Rapid spread of COVID-19 variants in B.C. remains huge concern for health officials

One of the biggest concerns for health officials in B.C. right now is the rapid spread of COVID-19 variants in the province.

On Monday, the province reported 916 new variant cases since April 1, pushing the total number past 3,500 since the start of the pandemic.

There remain 588 active cases of the variants in B.C., with 373 being identified as the B.1.1.7 strain, originally found in the U.K., and 215 identified as the P.1 strain, originally found in Brazil.

Read more:
P.1 variant is spreading in Canada.
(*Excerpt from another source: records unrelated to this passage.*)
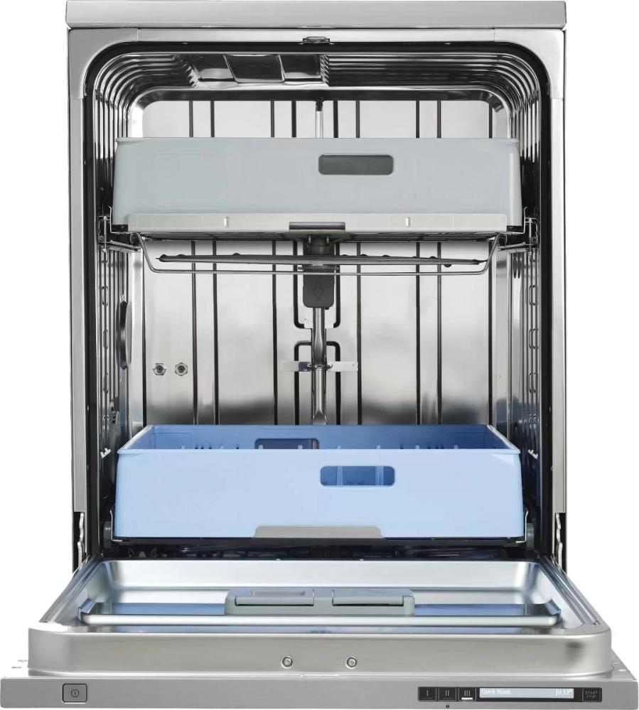 Полноразмерные модели выбирают в больших семьях, а также те, кто много готовит или часто принимает гостей. Их вместимость может составить до 15 комплектов посуды, а габаритные размеры соответствуют размерам стандартной кухонной мебели шириной и глубиной 60 см и высотой 82-85 см. Они выпускаются как во встраиваемом, так и в отдельностоящем варианте: во втором случае для установки понадобится достаточно много места. Как правило, полноразмерные приборы отличаются большим набором стандартных и специальных программ мойки, а также дополнительных опций: в частности, они оснащаются третьей корзиной для мытья столовых приборов.
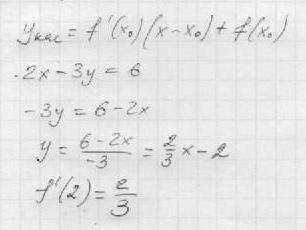 y=(6-2x)/(-3) f'(2)=2*(-3)-(6-2x)*(-1)=-6+(6-2*2)=-6+2=-4
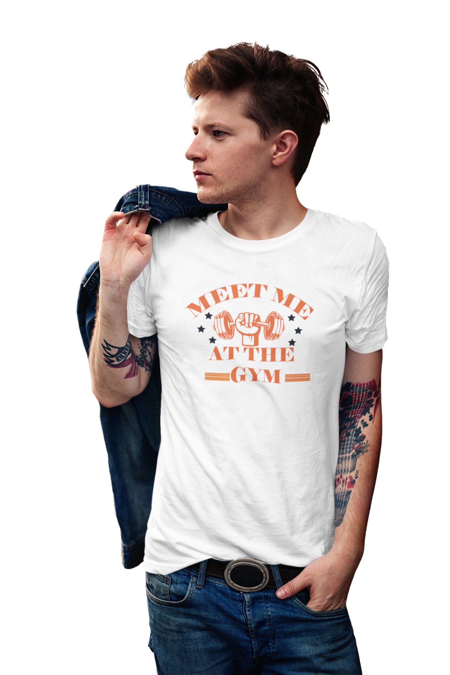 Meet Me At The Gym, (BG Orange), Round Neck Gym Tshirt (White Tshirt) - Clothes for Gym Lovers - Suitable for Gym Going Person - Foremost Gifting Material for Your Friends and Close Ones
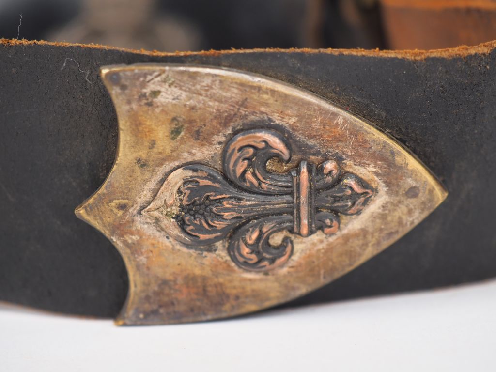 Belle giberne avec sa banderole, ensemble en cuir vernis noir face interne de la banderole en cuir fauve, coffret bois gainé de cuir noir, rabat en cuir noir ciré, un jonc en cuivre argenté habille et renforce le rabat, emblème central également en cuivre argenté embouti aux armes de France dans un écu à la française et couronnées entourées de feuilles de laurier, garniture de banderole au mufle léonin sur base rectangulaire à pan coupé, et belle fleur de lys en relief sur écu à trois pointes, manque les chainettes joignant les deux symboles. (Taille du coffret 155 x37x 1000) Pour officier de cavalerie époque restauration. (Etat 1)
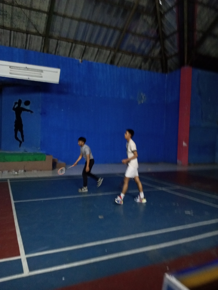 - "Two young males are playing badminton on a blue court with white lines, inside an indoor stadium with a high ceiling" by FM-RpQWt1, licensed under CC BY 4.0
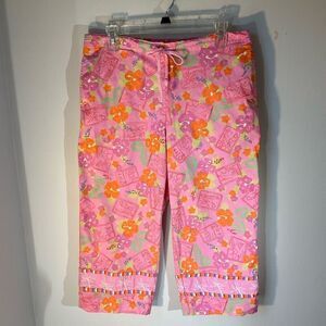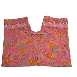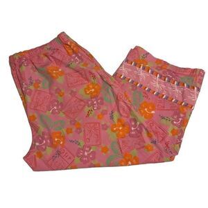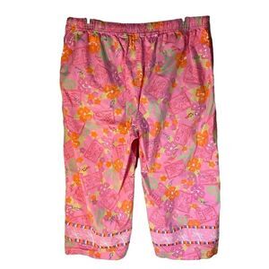 Oleg Cassini Weekend Pull On wide Leg Capri Pants, Large adjustable elastic waist tie, pockets. Beachy, pink postcard print with contrasting stripes at hem. So pretty, so fun! Wish you were here! 97% cotton 3% spankex. Flat lay 17” W, 31” L, 11” R, 20” I, 9” Ankle. #preppy #countryclub #postcards

What do we know about it and vaccines?

On Monday, B.C.’s Health Minister Adrian Dix said variants could soon drive transmission but the current restrictions are tough enough.

“These are strong measures now,” Dix said. “Remember, all of these numbers really reflect events that occurred prior to the new restrictions coming into place.

“The issue isn’t the measures now, it’s (that) we all need to follow (them).”

Read more:
As COVID-19 variants spread in B.C., concern grows for effects on younger adults

Over the weekend, doctors in British Columbia spoke out about the effect new COVID-19 variants are having on younger people.

Evidence suggests the variants of concern are not only more contagious but are also leading to more severe hospitalizations — particularly for younger adults.

“With the initial COVID, the feeling was very much that while young people may get COVID, they may not get all that sick. I think the variants have changed that … and I don’t know if people are realizing that,” Dr. Gerald Da Roza, head of medicine at Royal Columbian Hospital, told Global News.